> **Given data**
==*==
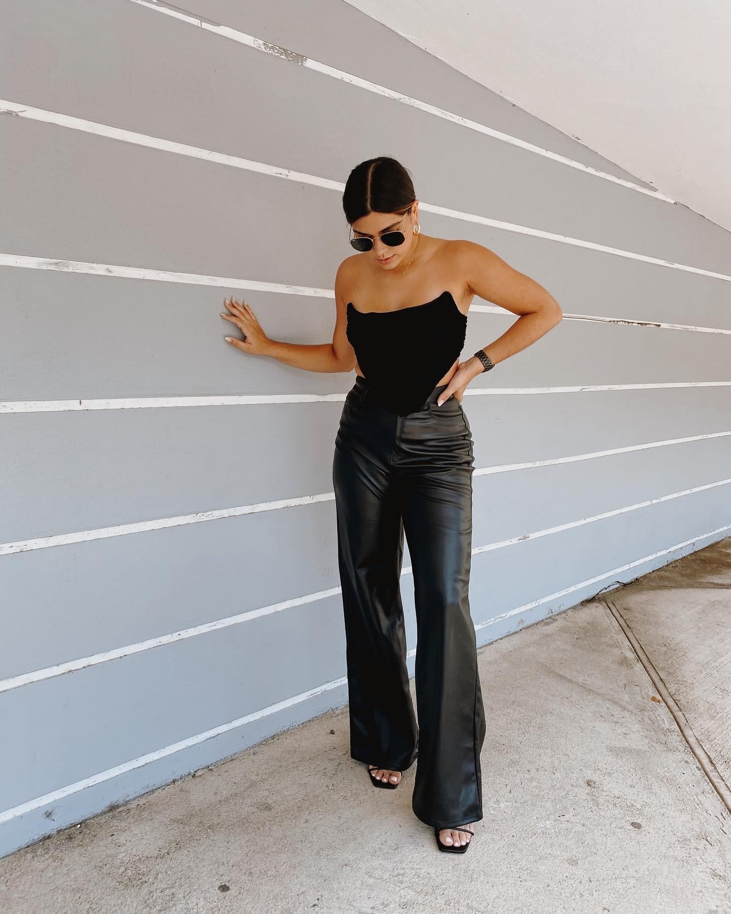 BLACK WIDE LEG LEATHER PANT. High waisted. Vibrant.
==*==
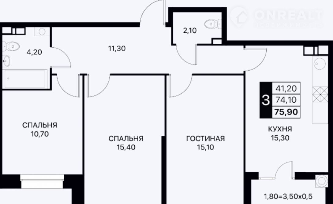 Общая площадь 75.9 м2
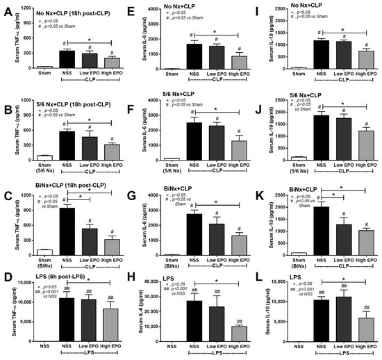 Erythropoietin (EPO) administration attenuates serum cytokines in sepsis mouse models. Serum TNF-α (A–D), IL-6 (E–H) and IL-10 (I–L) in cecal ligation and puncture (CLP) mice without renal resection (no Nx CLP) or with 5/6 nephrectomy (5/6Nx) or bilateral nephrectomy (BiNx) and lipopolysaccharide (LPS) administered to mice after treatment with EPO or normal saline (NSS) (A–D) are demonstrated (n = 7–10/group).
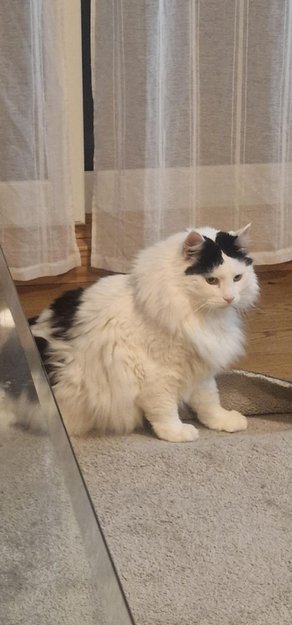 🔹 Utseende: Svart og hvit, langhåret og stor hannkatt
==*==
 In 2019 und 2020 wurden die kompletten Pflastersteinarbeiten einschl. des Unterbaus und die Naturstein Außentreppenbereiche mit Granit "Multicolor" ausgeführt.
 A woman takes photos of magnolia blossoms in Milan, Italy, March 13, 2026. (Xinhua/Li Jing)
==*==
> **What this task involves**
Set down again, word for word, the stretch of records from the line with "In 2019 und" to the line with "A woman takes", both of those lines included.

> **Solution to this exercise**
 In 2019 und 2020 wurden die kompletten Pflastersteinarbeiten einschl. des Unterbaus und die Naturstein Außentreppenbereiche mit Granit "Multicolor" ausgeführt.
 A woman takes photos of magnolia blossoms in Milan, Italy, March 13, 2026. (Xinhua/Li Jing)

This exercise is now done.